Slowly, groaning, he pushed himself up on his hands. His palms scraped against jagged stone. The ground was rough and uneven, coated in grit that shimmered faintly green beneath the harsh white glare of overhead floodlamps. He blinked against the light, disoriented.

Then his breath froze in his throat. His hands. They were too small. Thin, bony, the hands of a child.

He stared at them, panic building in his chest. They weren't his. His hands should have been large, callused, strong from years of work, gaming, sports, and everything else that came with being twenty-five years old. But these—these were tiny. Fragile.

"What the…?" His voice cracked, high-pitched, the voice of a boy no older than six.

A shout echoed across the cavern, harsh and commanding. "Move it, worms! Back to work!" The crack of a whip split the air, sharp as lightning, followed by a scream. Kaelen's eyes snapped upward, blinking against the dust-filled haze until the world came into focus.

They were underground. Vast tunnels carved from dark stone stretched in every direction, lit by buzzing industrial lamps bolted into the walls. The air was heavy with smoke and spice-dust, glowing faintly in the gloom. Slaves—dozens, maybe hundreds—moved like shadows, pushing carts, hauling sacks, hacking away at jagged veins of glittering crystal. Their faces were pale and hollow, their clothes rags, their bodies gaunt from starvation and overwork.

Patrolling among them were men in black armor, their faces hidden behind helmets. Electro-whips sparked in their hands, and blaster rifles hung ready across their backs. On the platforms bolted into the rock above, banners of red and black fluttered in the stale air.
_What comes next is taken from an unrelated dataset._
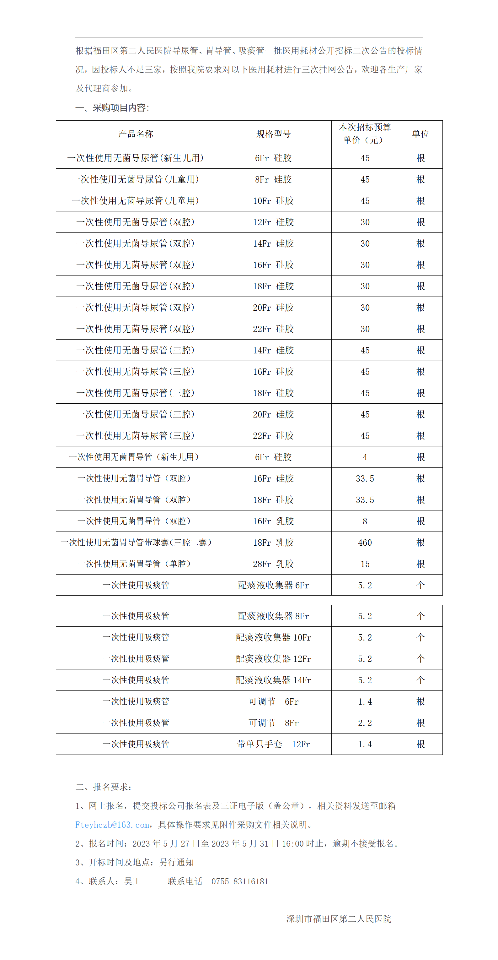 福田区第二人民医院导尿管、胃导管、吸痰管一批医用耗材公开招标三次公告
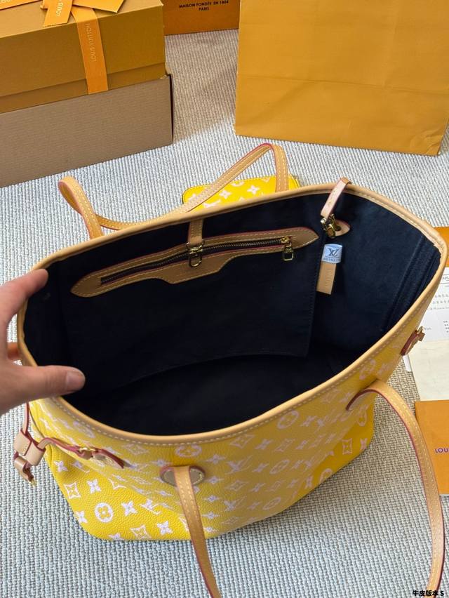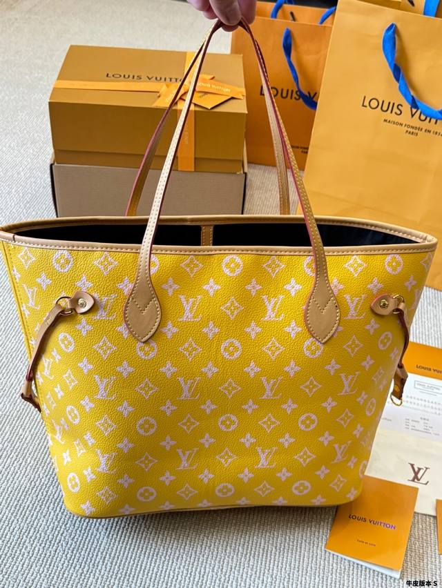 Lv 牛皮 Lv Neverfull 樱桃印花 中号购物袋!入门级的款式哦!绝对的终身款!此物经典不言而喻!街拍和实用都是非常Nb的选择!大家拿到后可以感受下,皮质颗粒之间空袭分明,宽度平均,摸上去软硬适中,变色皮哦!尺寸 :32 *28 密封折叠礼盒包装 配海关贴 发票 免税店证书

The insignia of the Empire.

Kaelen's blood ran cold. He knew this place. He had seen it before, not in life, but in fiction, in film, in games and lore he had poured years into learning. The cavern walls, the glowing spice, the endless labor—it all fit.

"Kessel," he whispered.

The word tasted like ash.

Memory surged back, slamming into him. The squeal of tires. The blare of a horn. The flash of pain, and then nothing. Death. His life as a man of twenty-five snuffed out in an instant. But instead of the void, there was this. A new body. A child's body. A galaxy far, far away.

His stomach twisted with equal parts terror and awe. He should have been gone. But instead he was here, in the Star Wars universe, and not just anywhere. He was in one of the most infamous hellholes in galactic history. The Kessel spice mines.

Something flickered before his eyes. Blue light, sharp and clear, floating in the air where no one else reacted. Words formed in glowing text, impossible but undeniable.

[Holocron Protocol initializing…]

Welcome, Kaelen Veyar.

Reincarnated Age: 6

Location: Kessel Spice Mines (Outer Rim, Imperial Control)

Survival Rating: Dire

Main Objective: Survive.

Secondary Objective: Grow strong enough to alter destiny.

Tutorial Quest Available: Endure One Day in the Mines. Reward: System Activation.

Kaelen stared, frozen. His pulse hammered in his ears. His lips twitched, the hint of a laugh bubbling in his throat even though he knew it would sound mad here. The System. It was real. His system. Like something ripped from the very isekai stories he used to binge in his old life. His chest ached with adrenaline.

This was his ticket out.

A heavy cart slammed against him, knocking him forward. He staggered, barely keeping his feet under him. A boy, older by a few years, snarled through clenched teeth. "Don't just stand there, kid! Push, or they'll beat you bloody!"

Kaelen looked down at the cart. Its handles loomed above him, heavy with glittering spice ore. His thin arms shook just touching it. The guards nearby turned their masked faces toward him, one snapping his whip against the stone floor, sparks leaping.

Kaelen swallowed hard and forced his trembling hands to the cart. His body screamed in protest, but he dug his bare feet into the dust and shoved. The cart resisted, heavy as a starship, but it moved. Inch by inch, it rolled forward.

He gritted his teeth and kept pushing.

Hours bled together. The tunnels consumed time until Kaelen wasn't sure if he'd been pushing for minutes or days. Spice dust clogged his lungs until his chest burned. His arms shook violently, sweat pouring from his forehead, rags clinging to his skin. Every step forward was a battle. His knees buckled, his vision blurred, and still he pushed.

He remembered the glowing words. Survive one day. That was all. One day. He could do that.

At his side, another small figure appeared. A girl, her hair dark and matted, her hands blistered and raw. She pushed her own cart, shoulders hunched under its weight. She glanced at him, eyes dull with exhaustion.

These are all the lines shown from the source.